Data extract:
☆ ☆ ☆ ☆ ☆ ☆ ☆
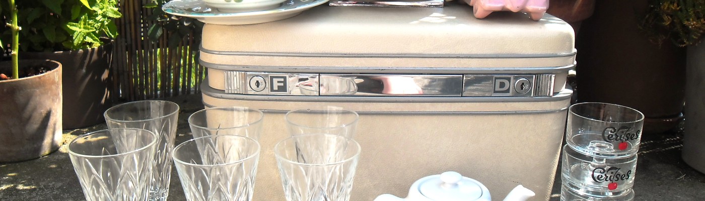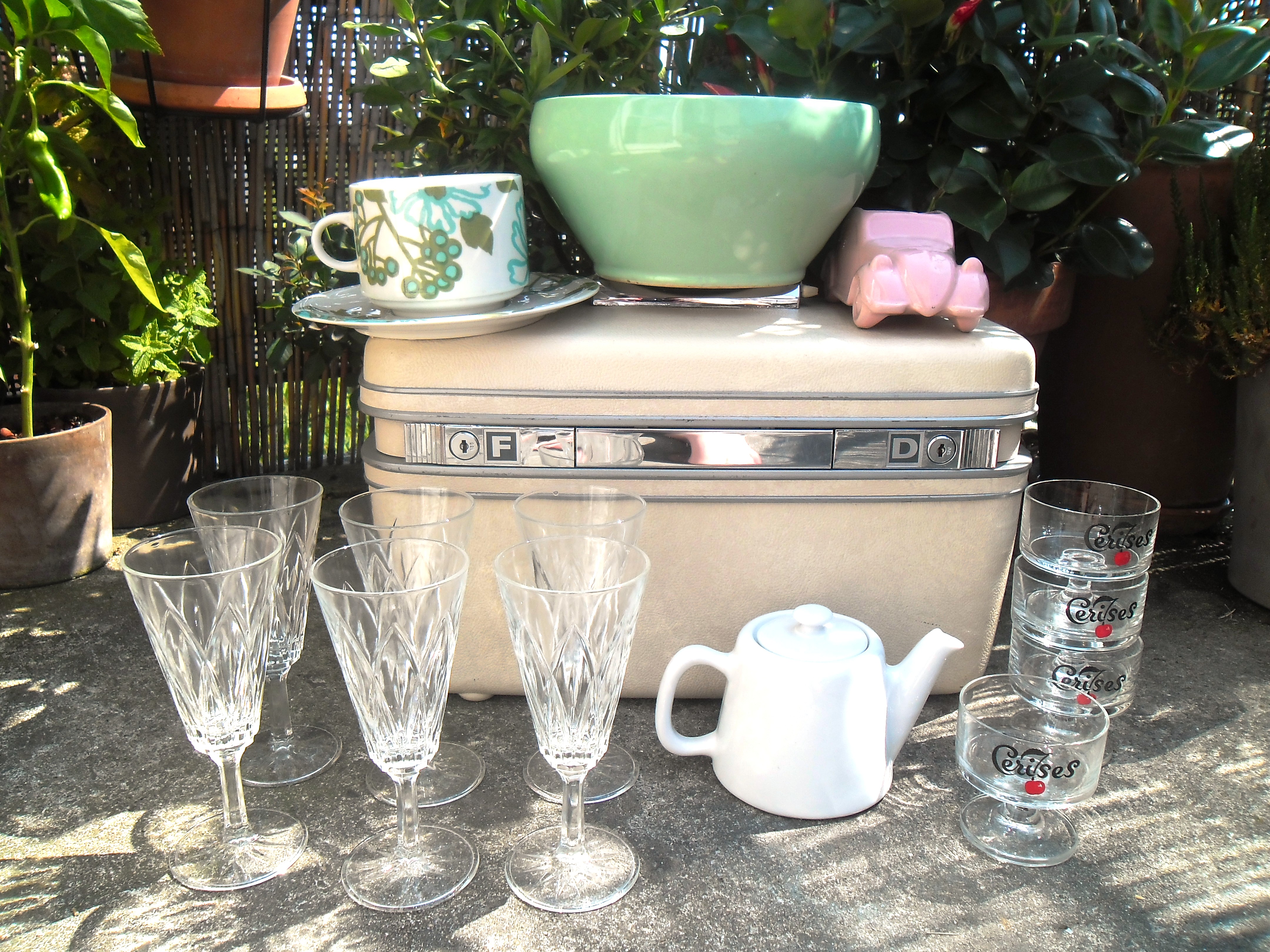 Vintage comme un service à thé et une vanity Samsonite beige. Mint comme un gros cache-pot, rose comme un petit cache-pot à l’allure de « Rolls Royce », et blanc comme une une mini théière. Du verre, des verres, et des verrines … pour des apéros chics et fruités !
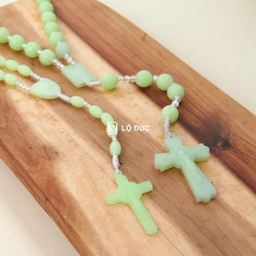 Chuỗi Mân Côi nhựa phát sáng xanh ngọc, 2 kiểu hạt (tròn và oval) – hỗ trợ cầu nguyện ban đêm, nhẹ nhàng và thiêng liêng.
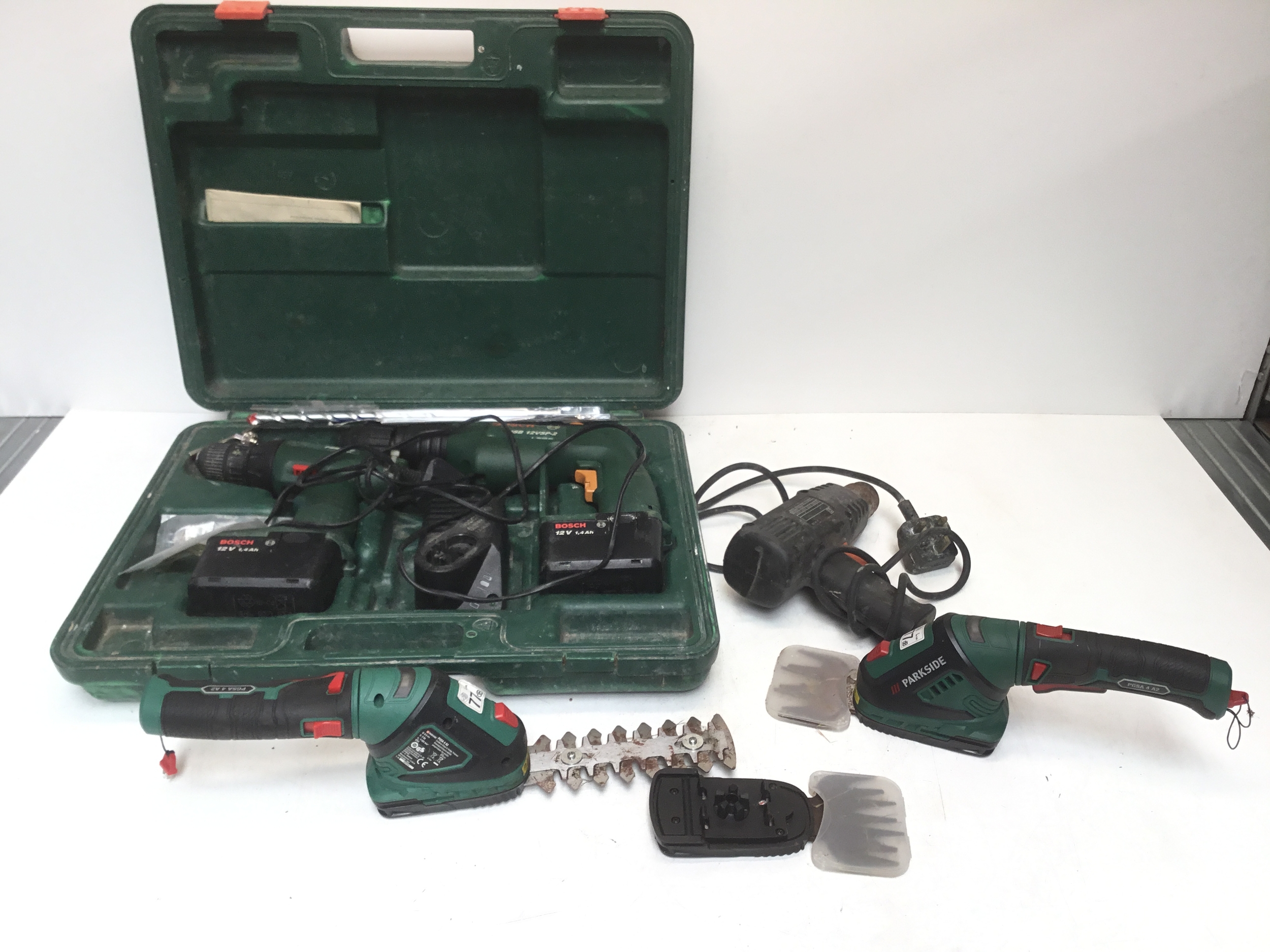 Boxed cordless bosh drill set and a selection of battery tools
☆ ☆ ☆ ☆ ☆ ☆ ☆
Problem details: In the answer, the data should reappear exactly, with no pictures.

Solution for this problem:
 Vintage comme un service à thé et une vanity Samsonite beige. Mint comme un gros cache-pot, rose comme un petit cache-pot à l’allure de « Rolls Royce », et blanc comme une une mini théière. Du verre, des verres, et des verrines … pour des apéros chics et fruités !
 Chuỗi Mân Côi nhựa phát sáng xanh ngọc, 2 kiểu hạt (tròn và oval) – hỗ trợ cầu nguyện ban đêm, nhẹ nhàng và thiêng liêng.
 Boxed cordless bosh drill set and a selection of battery tools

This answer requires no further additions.